Diante desse cenário, sustentar três estilos de carroceria para um EV de nicho ficou difícil até para uma fabricante acostumada a margens altas.

O sedã sobrevivente, porém, não chega parado ao ano-modelo 2027, porque passa a concentrar as novidades técnicas da linha.
Todos os Taycan 2027 agora vêm de série com a bateria Performance Battery Plus de 105 kWh, antes tratada como item de maior prestígio.
O pacote permite recarga rápida em corrente contínua de até 320 kW e finalmente recebe uma porta NACS nativa.
Essa mudança libera o acesso à rede Tesla Supercharger sem adaptador, algo importante para compradores que ainda observam infraestrutura antes de escolher um EV.
A Porsche também incluirá um adaptador CCS, permitindo uso em outras estações públicas de recarga fora do ecossistema da Tesla.
A parte mais curiosa está no E-Shift, sistema que cria oito marchas falsas sobre as duas relações reais usadas mecanicamente pelo Taycan.
A solução simula trocas de marcha, freio-motor e até um limitador de giros virtual, acompanhados por sons sintéticos de desempenho.
A ideia lembra o N Shift da Hyundai, ironicamente adotado pela Porsche em 2026 depois de a marca indicar que não seguiria esse caminho.
Para alguns motoristas, o recurso pode devolver sensação mecânica a um EV rápido demais para parecer dramático em uso normal.

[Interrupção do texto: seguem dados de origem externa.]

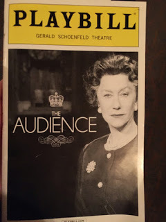 "Snapshots from The Queen," you might call it; in this case, it is more like a scrapbook. "The Queen" was set in one year of Elizabeth's reign, 1997, when she was dealing with the death of Princess Diana; Morgan's The Audience centers on sixty years-worth of Elizabeth's weekly audiences with her Prime Ministers (eight of whom are represented, starting with Winston Churchill and ending with the current David Cameron). And there's the rub. While most theatergoers are likely to be thrilled byThe Audience--or more precisely, by Mirren's performance in The Audience--the concept dictates that we will be seeing pages from a scrapbook, without the dramatic heft that would make it a fine and/or important play.
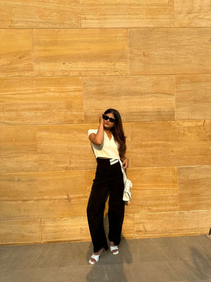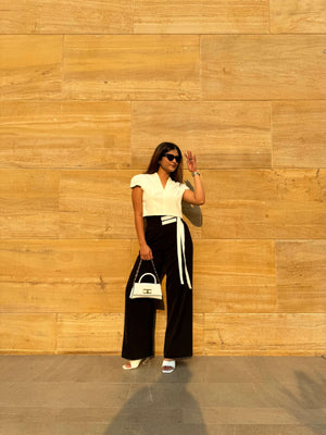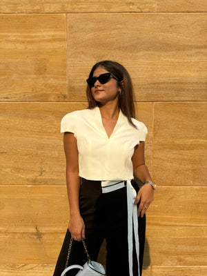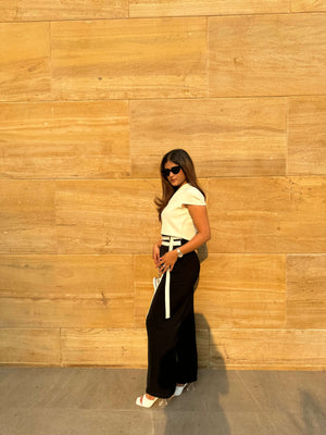 Remi is the ultimate corporate core outfit, featuring high waisted black pants and a chic top, accented by a stylish white contrast belt.
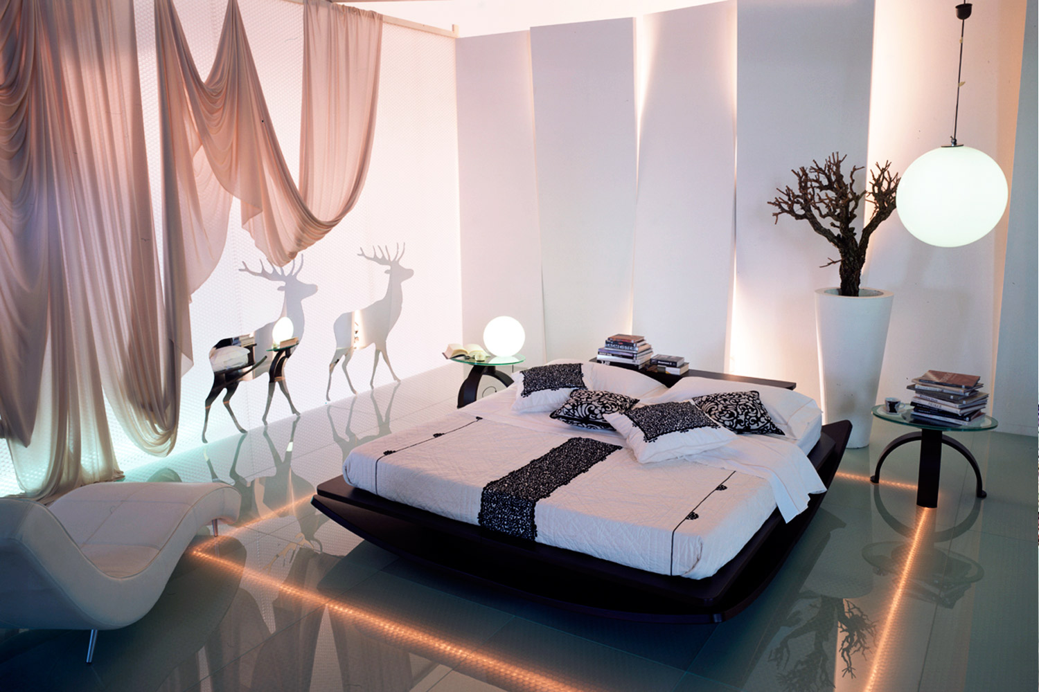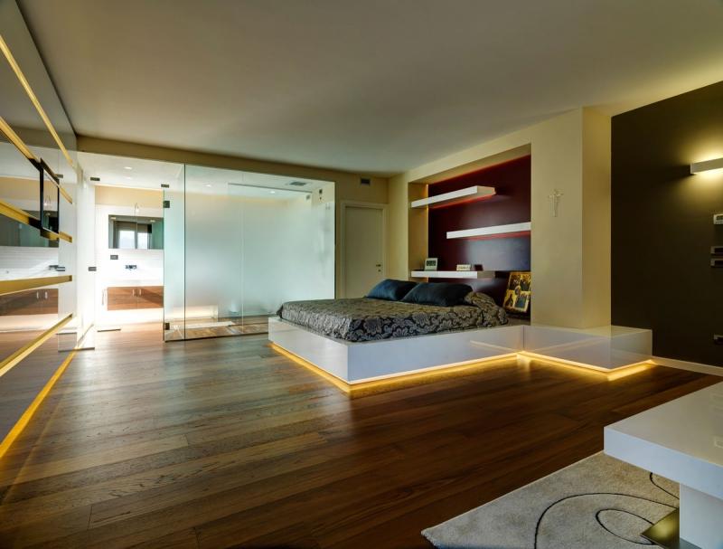 An example of the implementation of hidden lighting in the interior of a bedroom
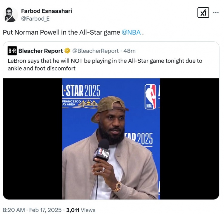 對(duì)此,快船隊(duì)記Farbod Esnaashari轉(zhuǎn)發(fā)視頻評(píng)論道:“NBA官方,讓鮑威爾進(jìn)全明星吧。”

Para outros, será apenas um artifício digital em um carro que talvez não precisasse fingir ter combustão para ser envolvente.

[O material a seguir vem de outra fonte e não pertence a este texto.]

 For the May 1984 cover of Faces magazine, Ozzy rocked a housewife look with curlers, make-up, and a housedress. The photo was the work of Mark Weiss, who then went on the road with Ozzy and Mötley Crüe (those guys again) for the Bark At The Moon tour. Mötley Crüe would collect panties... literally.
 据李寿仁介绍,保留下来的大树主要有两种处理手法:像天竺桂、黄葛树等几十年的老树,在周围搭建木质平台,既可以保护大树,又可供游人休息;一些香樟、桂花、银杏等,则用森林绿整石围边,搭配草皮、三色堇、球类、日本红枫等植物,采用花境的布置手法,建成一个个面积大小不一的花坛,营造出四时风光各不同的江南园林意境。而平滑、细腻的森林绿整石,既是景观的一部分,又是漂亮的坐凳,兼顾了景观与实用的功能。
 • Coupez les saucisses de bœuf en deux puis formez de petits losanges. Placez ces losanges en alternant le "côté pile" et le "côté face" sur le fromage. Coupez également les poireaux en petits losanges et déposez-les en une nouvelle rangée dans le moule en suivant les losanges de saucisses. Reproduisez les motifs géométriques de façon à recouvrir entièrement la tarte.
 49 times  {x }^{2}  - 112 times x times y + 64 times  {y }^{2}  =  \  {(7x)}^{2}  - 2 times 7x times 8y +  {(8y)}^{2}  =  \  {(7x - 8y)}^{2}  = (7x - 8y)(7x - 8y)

O preço do Taycan sedã 2027 começa em US$ 111.900 (R$ 576.100), antes da taxa de entrega de US$ 2.350 (R$ 12.100).
Comparações de mercado também destacam como o Porsche pode chegar a US$ 134.000 (R$ 689.800), enquanto a SAIC oferece alternativa de US$ 32.000 (R$ 164.700).
A atualização deixa o Taycan mais prático para recarregar e mais teatral ao dirigir, mas menos diverso na garagem dos americanos.
O resultado é uma linha mais racional e menos charmosa, justamente para uma marca que já tentou vender a irracionalidade das peruas esportivas.